**Exercise aim:** From the first line to the last, set down the material exactly, leaving out its pictures.

**Given information:**
☆ ☆ ☆ ☆ ☆ ☆ ☆

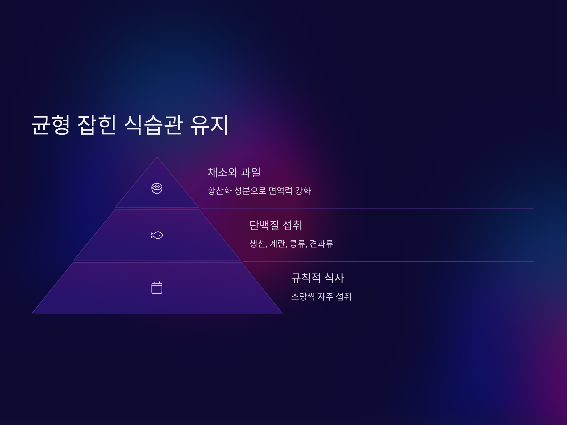 노년기의 건강을 위해서는 균형 잡힌 식사가 필수입니다. 나이가 들수록 식사량이 줄어들고, 영양소를 충분히 섭취하기 어려울 수 있기 때문에, 영양가 있는 음식을 고루 섭취하는 것이 중요합니다. 특히, 단백질, 비타민, 미네랄 등은 뼈와 근육을 건강하게 유지하는 데 큰 역할을 합니다.
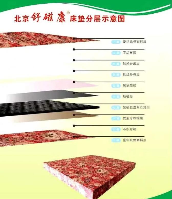 北京舒磁康豪華型,舒適型床墊結構總共十層,寓意十全十美型:
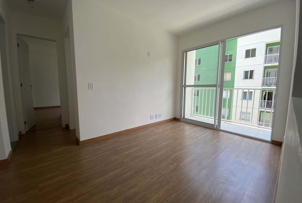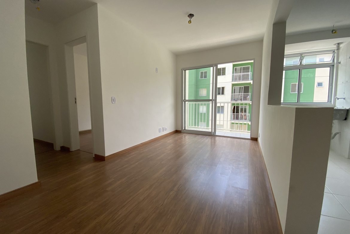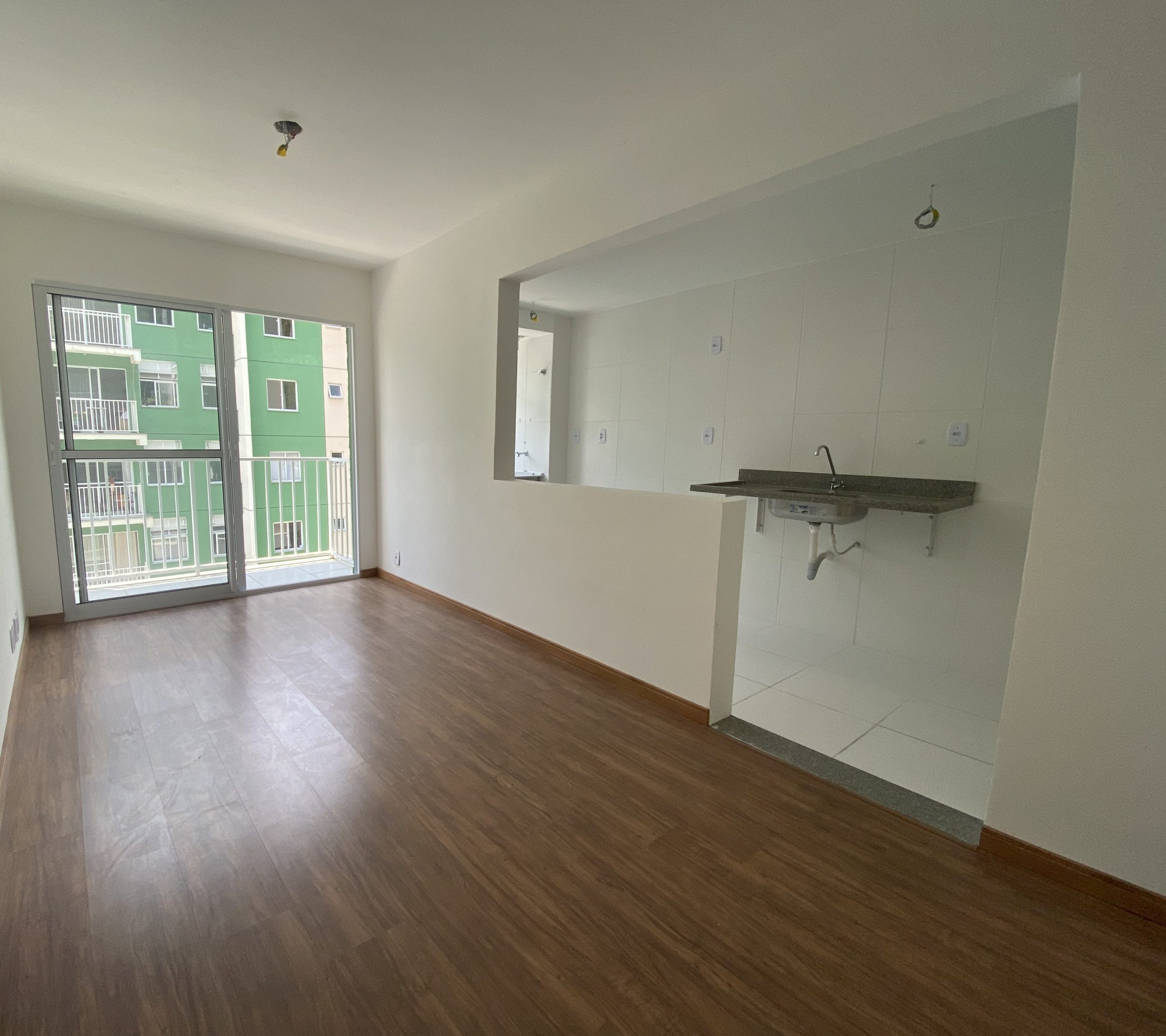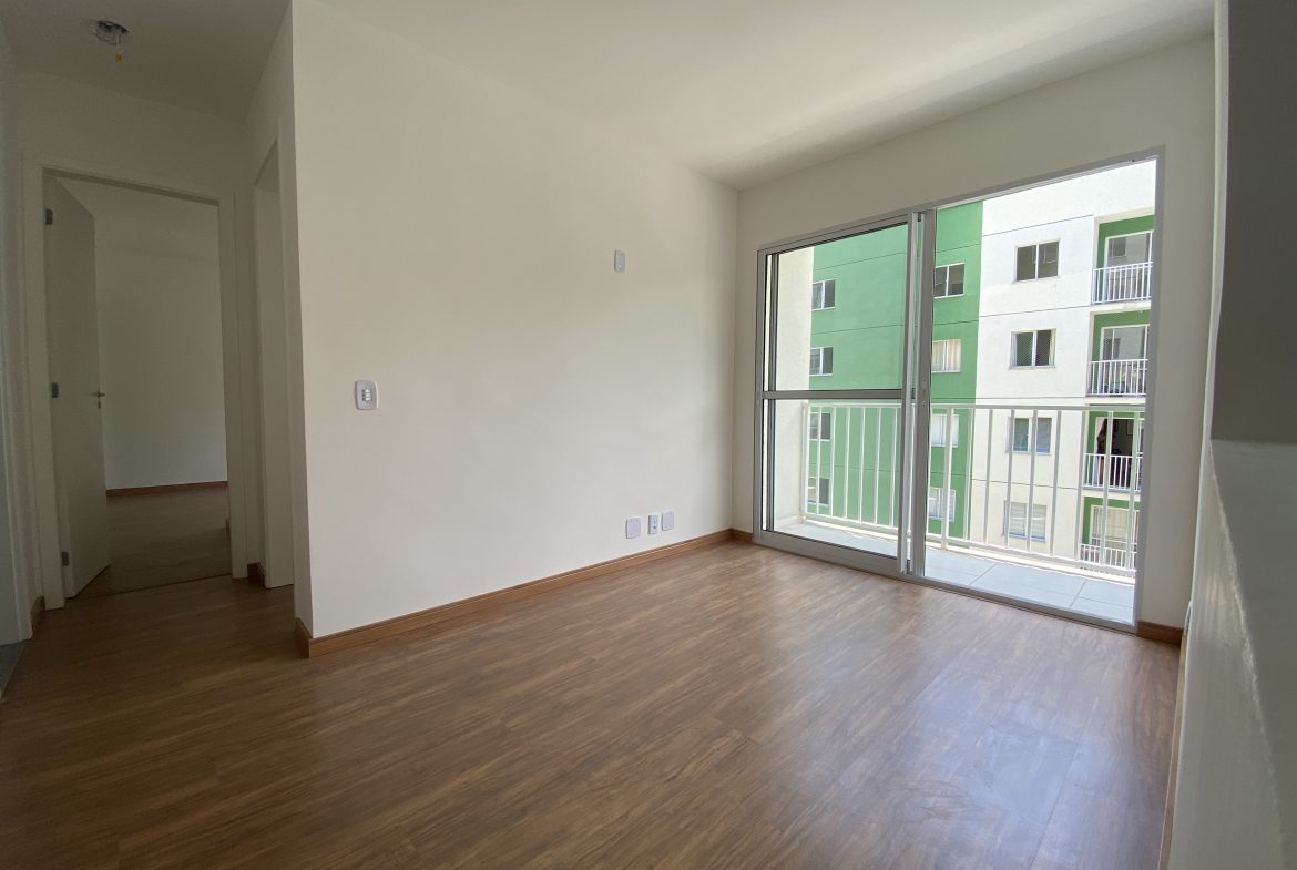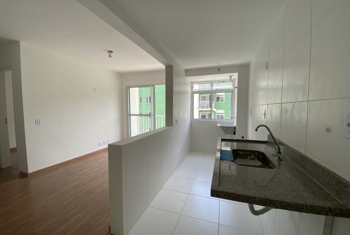 O apartamento é composto por 2 quartos, sala ampla em conceito aberto com cozinha, varanda e uma vaga de garagem.
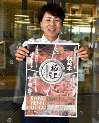 2023/11/10県内一般ニュース存分に味わって―。都城市の道の駅「都城NiQLL(ニクル)」で11、12日、宮崎牛、松阪牛、神戸ビーフ、近江牛のブランド牛を味わえるイベントが開かれる。新たな駐車場(50台分)が整備された同施設のグランドオープンを記念した「極上和牛と焼酎...

☆ ☆ ☆ ☆ ☆ ☆ ☆

**Written solution:**
 노년기의 건강을 위해서는 균형 잡힌 식사가 필수입니다. 나이가 들수록 식사량이 줄어들고, 영양소를 충분히 섭취하기 어려울 수 있기 때문에, 영양가 있는 음식을 고루 섭취하는 것이 중요합니다. 특히, 단백질, 비타민, 미네랄 등은 뼈와 근육을 건강하게 유지하는 데 큰 역할을 합니다.
 北京舒磁康豪華型,舒適型床墊結構總共十層,寓意十全十美型:
 O apartamento é composto por 2 quartos, sala ampla em conceito aberto com cozinha, varanda e uma vaga de garagem.
 2023/11/10県内一般ニュース存分に味わって―。都城市の道の駅「都城NiQLL(ニクル)」で11、12日、宮崎牛、松阪牛、神戸ビーフ、近江牛のブランド牛を味わえるイベントが開かれる。新たな駐車場(50台分)が整備された同施設のグランドオープンを記念した「極上和牛と焼酎...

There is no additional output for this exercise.